Anti-depressants are sometimes referred to as “Happy pills.” Jokes are made about mental illness, but just because that mindset is mainstream, does it mean we need to encourage it?

Tourette syndrome, 90% of the time, comes with comorbid mental health conditions. Maybe by putting mental health down, we are putting ourselves down. I have OCD as well as a short list of other conditions of the mind, which makes it ironic that I was defensive of the mental health misconception.

Maybe we can spend less time drawing lines in the sand, and more time considering that perhaps, the debate of one condition or another isn’t necessary.

This blog is a lesson to me as well, as I have been part of the problem. The important lesson being, I don’t have to be.

 

By Melissa C. Water

7 Comments

  1. Andrea Boulden says:

    Thank you so much for writing this! I volunteered for many years for Tourette Canada and also for PCMA Parents for Cihildren’s Mental Health. Like mostly every person with TS, My son had Tourette syndrome and comorbid mental illnesses so I was connected to both worlds. I advocated hard at PCMA to fight the stigma and misunderstanding of mental illness but then in the Tourette world i felt some of the worst stigma ever! People were adament that it is Neurological, not mental illness as though that is better! Well, ADHD, OCD, Anxiety, Depression ARE mental illlnesses., it is no better or worse than neurological. It is all in tte brain!! I am so glad that you wrote this!!

    • Hi Andrea
      I’m glad this article resonated with you
      Good on you for your determination to speak out!
      Thanks for the comment. Much appreciated

  2. Leslie Dunbar says:

    A beautiful perspective Melissa!!! I am so proud of you!

  3. Jim Fitton says:

    I think it’s difficult to draw a distinction between neurology and mental health. I have TD and ADHD and a few Obsessive behaviours. I have often been dismissed as weird, odd, eccentric , and I know how socially isolating these conditions are. I have a level of anxiety but not depression. My whole package probably presents as a mental health condition, and I’m ok with that. On the other hand, TD is seen by some clinicians as a movement disorder!

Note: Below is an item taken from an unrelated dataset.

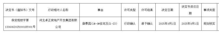 2025年9月2日,保定市自然资源与规划局发布规划核实,卓正·御景风荷项目(御景园)1#-9#住宅及S1-S3获规划核实。来源:保定市自然资源和规划局…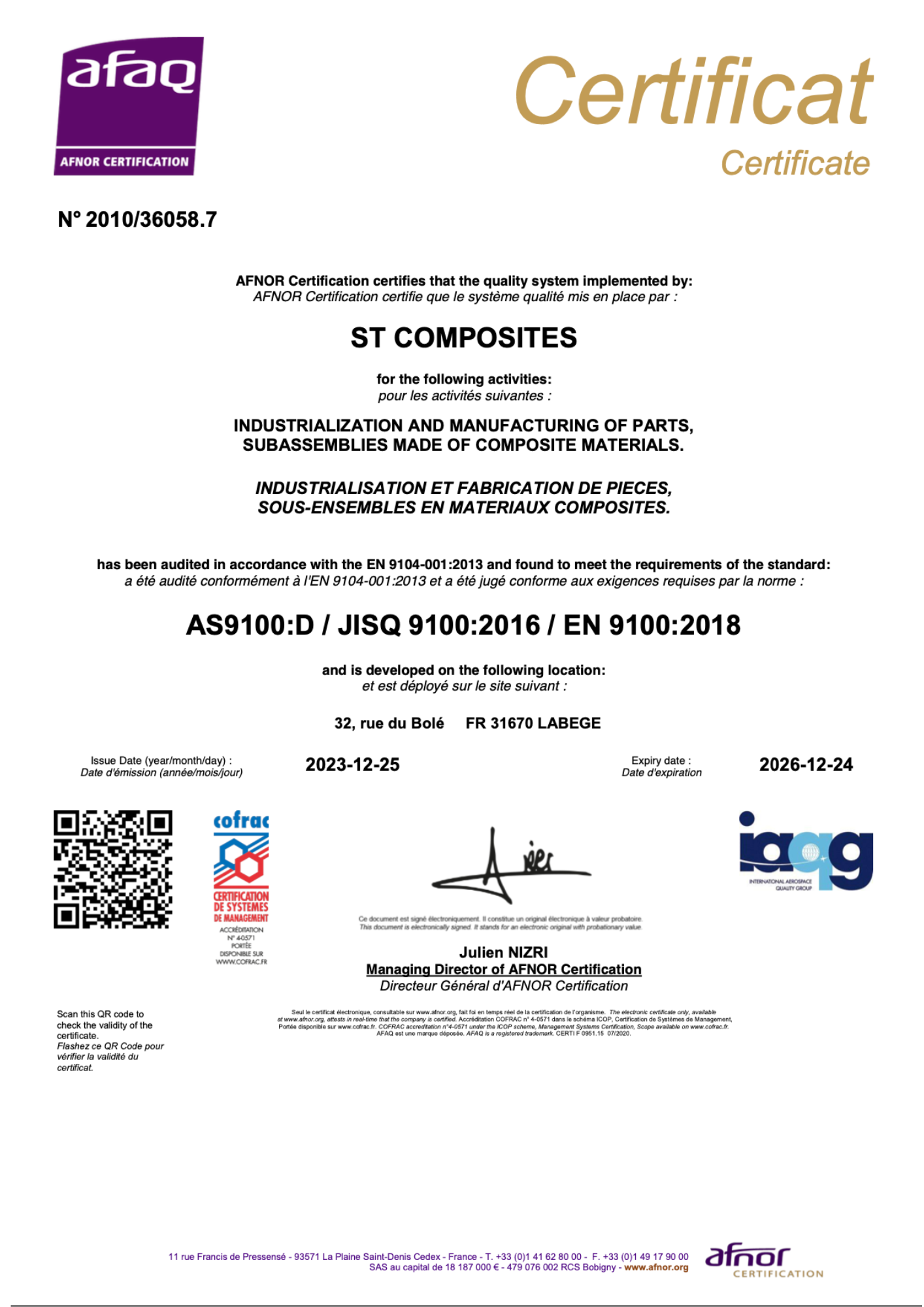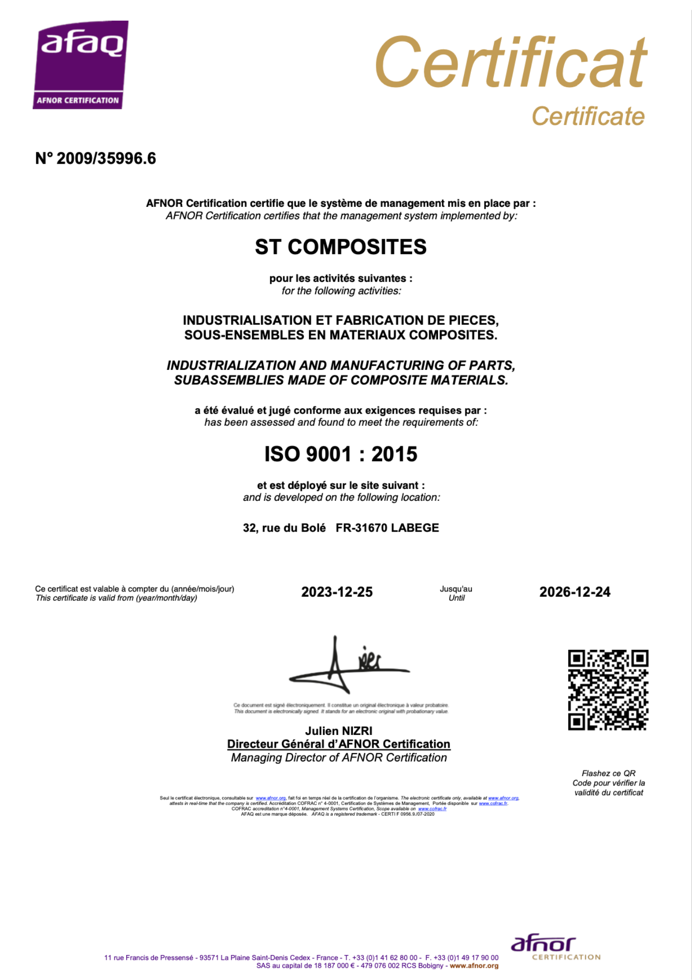 ST COMPOSITES certifiée ISO 9001 et EN9100 est inscrite dans une volonté d’optimisation de sa démarche de management de la qualité structurée suivant la norme nouvelle version de ISO 9001:2015 et AS9100:D / JISQ 9100:2016 / EN 9100: 2018.

  4. Tourette Syndrome is a neurological condition involving the brain, however, it is not a mental illness. I don’t know why people were saying it was.
    Mental illness is bipolar and schizophrenia. OCD and ADD are not a criteria for Mental ilness. I have TS AND add and OCD, but i don’t have a mental illness. Yes, both of these conditions do originate from the brain, but in a different way.

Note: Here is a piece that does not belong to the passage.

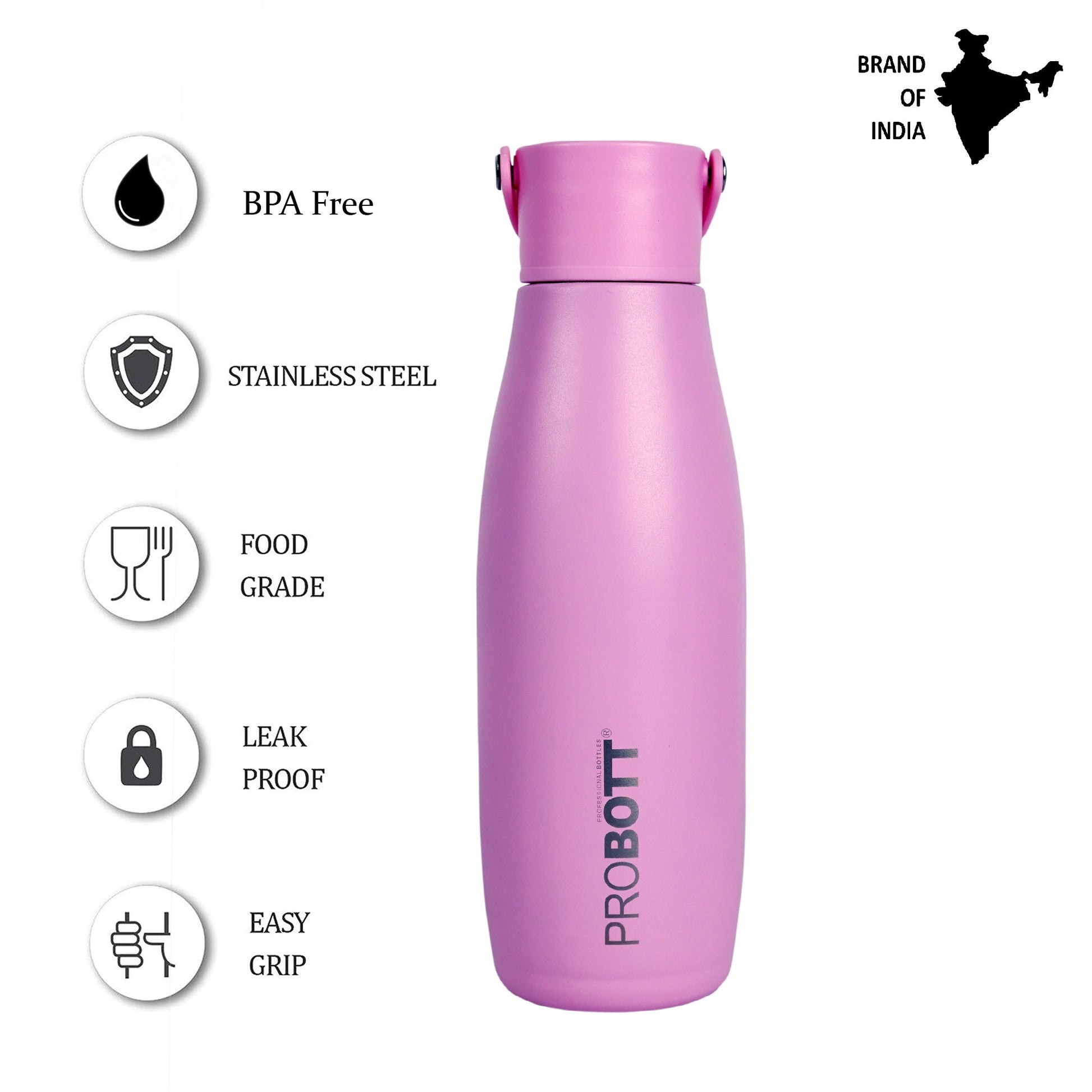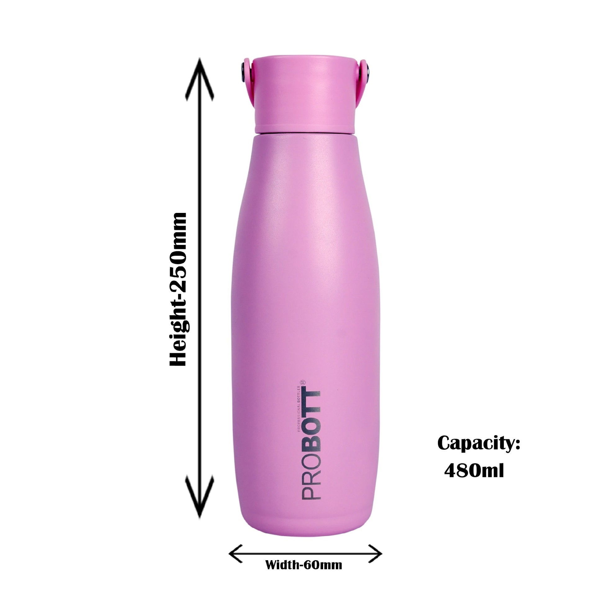 Probott Trendy 480ml Stainless Steel Water Bottles, Vacuum Insulated Flask Bottles, Pink | Hot and Cold | Easy to Carry | Leak Proof

  5. This is top notch Melissa. Did you read this? I always wondered if depression was genetic.

  6. Thank you for this article. I’m making a short video on Tourettes and, before, I would have thought to make it part of my “Mental Health Awareness” video subject. However, I have children diagnosed with Autism and I know that’s not a mental illness, but a neurological disorder that also has co-occurring mental health illnesses. So I thought it best to dig a little deeper and thankfully I did.

    Your article helped me put it into perspective and I certainly wouldn’t want to add to any stigma when I’m attempting to do the opposite.